A rung’s come broken 
in the stair to the mow,

and so one hesitates

to clamber up

to bomb a cow

with hay.

As in Dickinson's draft, the form of the poem complements its topic: it stretches down the page like a ladder, its missing line standing in for the absent rung. Boss then compares the broken rung to a missing tooth—a symbol of childhood’s passing phases. Gaps, breaks, a creeping sense of loss: absence lends this poem its substance.

But then everything changes: a neighbor’s son, “too young to know / it was otherwise once, / braves it,” and before long everyone else does, too, “at a run, like pros, and / so it goes, as before.” For a boy who doesn't know what he’s missing, the lack doesn't matter; the erasure is as good as erased, the negation negated. But what of the poem's hinted-at protagonist, the "one" for whom the missing rung constituted a meaningful absence? Perhaps fittingly, by the poem's end he seems to have vanished from its lines entirely.

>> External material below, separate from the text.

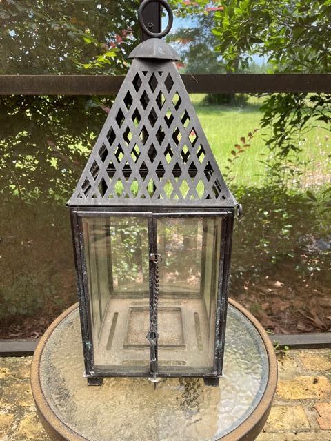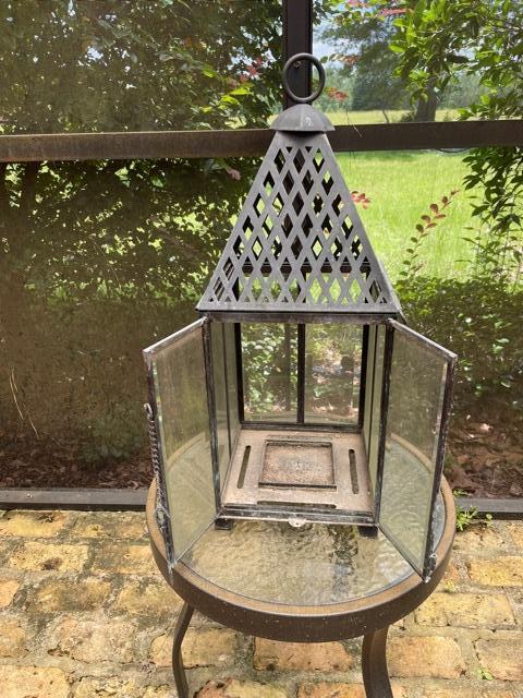 Metal Carriage Lamp holds pillar candle. Glass sides & solid base

The theme of disappearance threads through "The Matyó Embroidery,” by the Hungarian poet Szilárd Borbély. That poem begins:

On the platter set out in the center of the Matyó-embroidered tablecloth
was the syringe. And around it was silence.
........................................................
….If I consented to the injected dose,
we could all fall asleep. We would stay together

for all time. And evade the uncertainty in mortifying 
desperation. A fifteen-year-old’s desire to live

cried out in me: “No!” 

In the wake of the Nazi invasion of Hungary, the speaker’s parents have placed a syringe—an instrument of annihilation—on a platter that should instead offer nourishment. This passage inverts still more expectations: the parents present death as a pleasant version of life, and when the speaker says “no” to suicide—again, negating negation—he is choosing a life to be filled with death.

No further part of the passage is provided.